A Reconvinte, C…, que o valor peticionado corresponde ao valor total das despesas que suportou com o fabrico do tecido em que utilizou o fio fornecido pela B…, como seja despesas com outros tipos de fio e despesas com o processo de produção do tecido.

Cada uma das partes impugnou a matéria alegada pela parte contrária.

Proferido despacho saneador, foi identificado o objeto do processo e enunciados os temas de prova.

Procedeu-se à audiência final, com a observância das formalidades legais.

*Foi proferida sentença com o seguinte dispositivo: “Pelo exposto: 1. Julgo o incidente de liquidação da A. improcedente, e, em consequência, absolvo a R. do respectivo pedido, e 2. Julgo parcialmente procedente o incidente de liquidação da R., e, em consequência, condeno a A. a pagar à R. a quantia de 161.459,93 € (cento e sessenta e um mil quatrocentos e cinquenta e nove euros e noventa e três cêntimos), acrescida de juros moratórios à taxa legal de 4% ao ano desde a presente data até integral pagamento.

  1. As custas do incidente promovido pela A. correm pela A. e as do incidente promovido pela R. correm por A. e R. na proporção do respectivo decaimento”.

    *A Autora, B…, LDA., apresentou recurso de apelação, pugnando por que seja revogada a decisão e substituída por outra que condene a Ré, em sede de liquidação, a pagar à Autora € 59.532,70, nos termos e com os fundamentos alegados no incidente de liquidação e seja absolvida da liquidação operada pela Ré, formulando as seguintes CONCLUSÕES: ……………………………… ……………………………… ………………………………*Apresentou a Apelada contra-alegações sustentando inexistir o invocado vício, dever ser rejeitada a impugnação da matéria de facto por inobservância dos ónus previstos no art. 640º, do CPC, pugnando pela improcedência do recurso e, caso assim não se entenda, a matéria de facto dada como provada seja alterada e mantida a decisão recorrida ou se opere a compensação.

    *Após os vistos, cumpre apreciar e decidir o mérito do recurso interposto.

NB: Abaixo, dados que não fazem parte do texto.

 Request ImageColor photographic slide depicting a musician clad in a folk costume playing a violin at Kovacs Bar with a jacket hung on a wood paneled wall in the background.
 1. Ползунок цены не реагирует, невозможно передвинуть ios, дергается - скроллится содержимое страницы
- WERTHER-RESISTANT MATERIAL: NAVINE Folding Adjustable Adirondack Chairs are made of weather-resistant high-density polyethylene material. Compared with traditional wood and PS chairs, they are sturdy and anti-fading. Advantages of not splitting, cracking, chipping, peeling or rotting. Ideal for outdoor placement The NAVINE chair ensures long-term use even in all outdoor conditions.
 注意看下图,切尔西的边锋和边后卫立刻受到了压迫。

    *II. FUNDAMENTOS - OBJETO DO RECURSO Apontemos as questões objeto do presente recurso, tendo presente que o mesmo é balizado pelas conclusões das alegações do recorrente, estando vedado ao tribunal conhecer de matérias nelas não incluídas, a não ser que se imponha o seu conhecimento oficioso, acrescendo que os recursos não visam criar decisões sobre matéria nova, sendo o seu âmbito delimitado pelo conteúdo do ato recorrido – cfr. arts 635º, nº4, 637º, nº2 e 639º, nºs 1 e 2, do Código de Processo Civil.

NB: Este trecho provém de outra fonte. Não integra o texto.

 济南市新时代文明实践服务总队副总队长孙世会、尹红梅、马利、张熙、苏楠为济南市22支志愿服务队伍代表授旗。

    Assim, as questões a decidir são as seguintes: 1ª – Enquadramento do incidente de liquidação de condenação genérica pós-sentença e análise das particularidades da respetiva instrução – obrigatoriedade de intervenção do juiz a suprir a insuficiência da prova, complementando-a, designadamente com produção de prova pericial; 2º - Se a sentença padece de patologias, se cabe proceder à sua anulação por violação, pelo juiz, do dever de, oficiosamente, completar as provas, insuficientes para fixar a quantia devida (artigo 360.º, n.º 4, do CPC), designadamente com produção de prova pericial, indispensável à decisão da matéria de facto, sempre sendo de anular mesmo oficiosamente; 3ª – Em caso negativo, do erro da decisão da matéria de facto: 3.1. Do incumprimento do ónus de impugnação da matéria de facto; 3.2. Se se impõe a requerida alteração da decisão da matéria de facto; 4ª - Do erro da decisão de mérito relativamente à liquidação do valor do fio entregue pela Autora à Ré.

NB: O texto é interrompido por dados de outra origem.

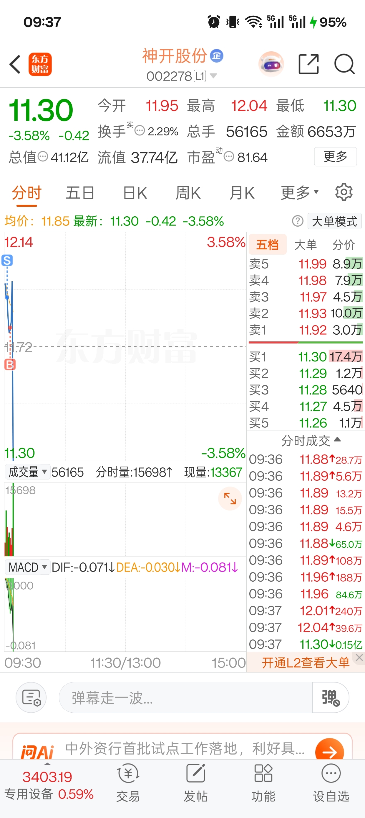 $神开股份(SZ002278)$ 是谁,在砸我的盘

    *II.A – FUNDAMENTAÇÃO DE FACTO 1. FACTOS PROVADOS São os seguintes os factos considerados provados, com relevância, para a decisão (transcrição): 1.

    Da sentença proferida nos presentes autos, consta a seguinte decisão: “…julga-se a reconvenção parcialmente procedente, por parcialmente provada, e, em consequência: a) Decreta-se a anulação, por venda de coisa defeituosa, do contrato de compra e venda celebrada entre a Autora e a Ré de fornecimento de 16.052,700 Kgs. de fio 16/1 100% algodão cardado pronto a tingir e, por inerência, determina-se que a Ré/reconvinte “C…, Lda.” devolva à Autora/reconvinda “B…, Lda. o valor correspondente a tal fio que lhe foi entregue, calculado por referência ao valor suportado pela Autora com a sua aquisição, a liquidar em momento ulterior…(negrito e sublinhado nosso) b) Condena-se a Autora/reconvinda a pagar à Ré/reconvinte, a título de danos patrimoniais, a quantia de 4.438,46 (quatro mil quatrocentos e trinta e oito Euros e quarenta e seis cêntimos), acrescida de juros de mora, à respectivas taxas supletivas fixadas para as empresas comerciais, vencidos desde a data de notificação da reconvenção e até integral pagamento.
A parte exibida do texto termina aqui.